As used herein, unless specified otherwise “high power laser energy” means a laser beam having at least about 1 kW (kilowatt) of power. As used herein, unless specified otherwise “great distances” means at least about 500 m (meter). As used herein, unless specified otherwise, the term “substantial loss of power,” “substantial power loss” and similar such phrases, mean a loss of power of more than about 3.0 dB/km (decibel/kilometer) for a selected wavelength.

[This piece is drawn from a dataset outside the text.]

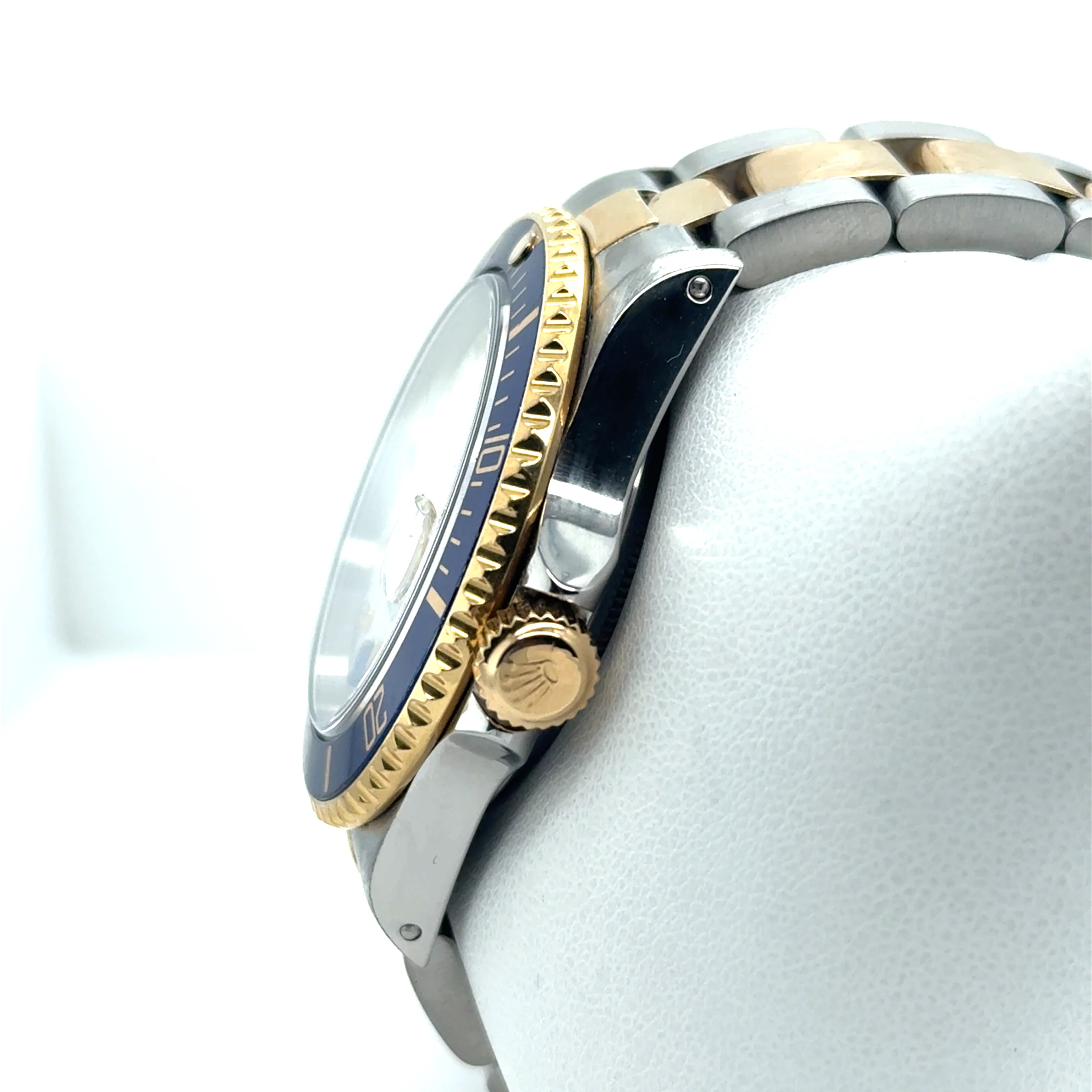 This exceptional timepiece boasts a 40mm stainless steel case, with a mother of pearl sapphire Serti dial with sapphires at the 6, 9 and 12 o’clock positions, and blue aluminum bezel insert. With a magnified date display at 3 o’clock, and Tritium hour markers and hands, and a unidirectional 60-minute graduated fluted bezel in 18K yellow gold. The aluminum bezel insert is showing signs of wear, as shown in the photos.

As used herein the term “substantial power transmission” means at least about 50% transmittance.
As used herein the term “earth” should be given its broadest possible meaning, and includes, the ground, all natural materials, such as rocks, and artificial materials, such as concrete, that are or may be found in the ground, including without limitation rock layer formations, such as, granite, basalt, sandstone, dolomite, sand, salt, limestone, rhyolite, quartzite and shale rock.
As used herein the term “borehole” should be given it broadest possible meaning and includes any opening that is created in a material, a work piece, a surface, the earth, a structure (e.g., building, protected military installation, nuclear plant, offshore platform, or ship), or in a structure in the ground, (e.g., foundation, roadway, airstrip, cave or subterranean structure) that is substantially longer than it is wide, such as a well, a well bore, a well hole, a micro hole, slimhole and other terms commonly used or known in the arts to define these types of narrow long passages. Wells would further include exploratory, production, abandoned, reentered, reworked, and injection wells.
As used herein the term “drill pipe” is to be given its broadest possible meaning and includes all forms of pipe used for drilling activities; and refers to a single section or piece of pipe. As used herein the terms “stand of drill pipe,” “drill pipe stand,” “stand of pipe,” “stand” and similar type terms should be given their broadest possible meaning and include two, three or four sections of drill pipe that have been connected, e.g., joined together, typically by joints having threaded connections. As used herein the terms “drill string,” “string,” “string of drill pipe,” string of pipe” and similar type terms should be given their broadest definition and would include a stand or stands joined together for the purpose of being employed in a borehole. Thus, a drill string could include many stands and many hundreds of sections of drill pipe.
As used herein the term “tubular” is to be given its broadest possible meaning and includes drill pipe, casing, riser, coiled tube, composite tube, vacuum insulated tubing (“VIT), production tubing and any similar structures having at least one channel therein that are, or could be used, in the drilling industry. As used herein the term “joint” is to be given its broadest possible meaning and includes all types of devices, systems, methods, structures and components used to connect tubulars together, such as for example, threaded pipe joints and bolted flanges. For drill pipe joints, the joint section typically has a thicker wall than the rest of the drill pipe. As used herein the thickness of the wall of tubular is the thickness of the material between the internal diameter of the tubular and the external diameter of the tubular.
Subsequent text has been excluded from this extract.